The packaging of her life history as a veteran and a mother, as well as her demonstrated success (if not victory) as a first-time candidate against a congressman almost eerily similar to Cornyn, likely made her the candidate John Cornyn and his political advisors least wanted to run against (at least once Beto O’Rourke exited the field). The Cornyn campaign signalled this preference early with an attack ad aimed at West that aired during a July 2019 Democratic Presidential Primary debate. On the surface, it was ostensibly meant to knock West, but had the practical effect of putting his name and liberal record in front of many Democratic voters who were unfamiliar with him.

The play of gender and race in the Cornyn campaign’s preferences provoke more questions than can be answered here. One might hope these questions would arise in the course of the campaign given Cornyn’s accumulating record on race. This record ranges widely: From his disavowed support for George Wallace as a high school student (recently reviewed in some excellent in-depth reporting by Jonathan Tilove after it briefly surfaced in Cornyn's 2002 Senate campaign); to his campaign’s strategic boosting of West from the early days of the primary through the run-off; to his awkward efforts to manage the aftermath of George Floyd’s death, which included announcing his intent to file a bill making Juneteenth a national holiday and supporting a bipartisan bill, in his words per Abby Livingston in The Texas Tribune, “to issue a study, a commission to come back with recommendations to Congress” on changing the names of military installations named after confederate military figures; to his dismissive skepticism of the presence of implicit bias in the U.S. in a June 2020 Senate hearing on policing. Early indications, however, suggest that Hegar’s consensus-building strategy is unlikely to include a line of questioning that's uncomfortable for the mostly white voters that are the largest audience segment in a strategy of broadening the Democrats’ appeal in a rightward direction – however much this might seem like the right time, both practically and morally, to ask Cornyn to elaborate his position on racism and how he got there. 

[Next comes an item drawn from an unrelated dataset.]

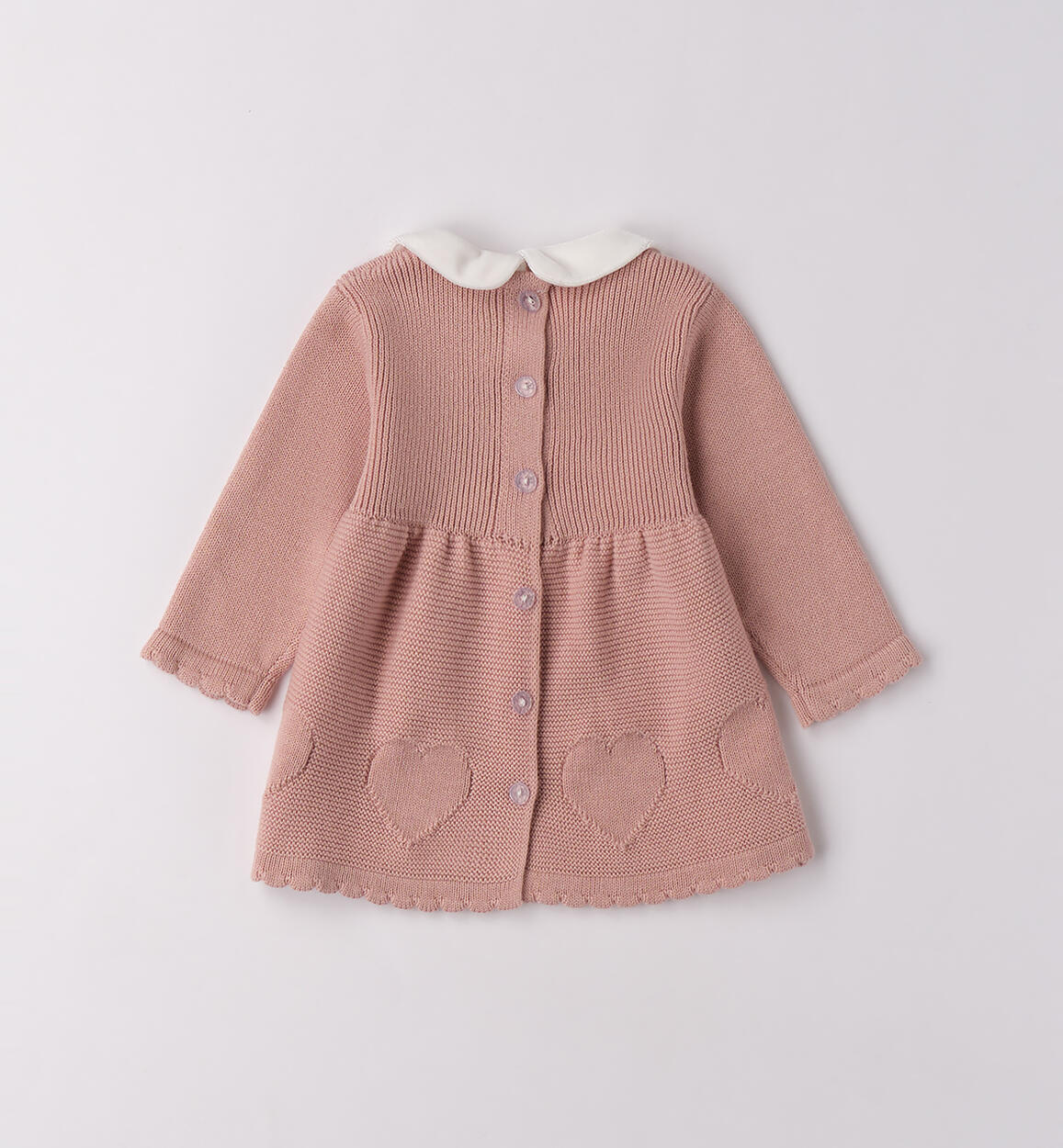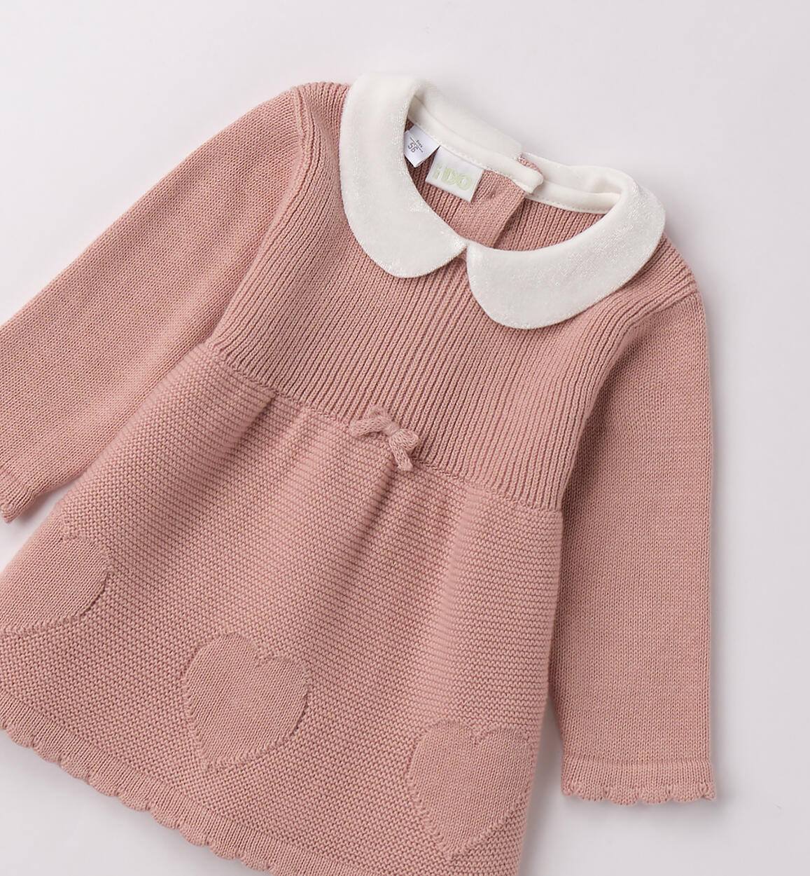 Dress for baby girl iDO 1¿24 months made of 100% cotton tricot, winter weight. The model features back opening with buttons. Above-the-knee length. By choosing our cotton products, you support our investment in the Better Cotton mission. This product is sourced via a mass balance system and may not contain Better Cotton. Learn more at bettercotton.org/massbalance

The Texas-politics-as usual feel of this likely evasion, amplified by such a radically changed political environment  – the renewed confrontation with racism, the pandemic, the associated economic crash – raise a question: Do fundamental assumptions about both candidates’ positioning made in the early stages of the campaign last year still work for them? Some of the main imputed virtues of Hegar’s persona  – her lack of political experience, her appeal to a vague notion of “mainstream voters,” even the cultural undertones of her scrappy competitiveness — may not fit the mood of a mid-pandemic America in the midst of a painful confrontation with racism as well as they did the mood of 2018 and 2019. Similarly, John Cornyn’s rock-ribbed Republicanism and his uncanny ability to project visually and substantively as a personification of the status quo seem less valuable in a world where the president seems to degrade the breadth and value of the GOP’s brand appeal daily, and the status quo seems to be malfunctioning, if not decaying, at a similar pace. Both Hegar and Cornyn have clearly defined the roles they want to play in the upcoming election, but the scripts they’ve been following have changed while they’ve been rehearsing – along with the mood of their audience and the stage upon which they are both about to make their grand entrances.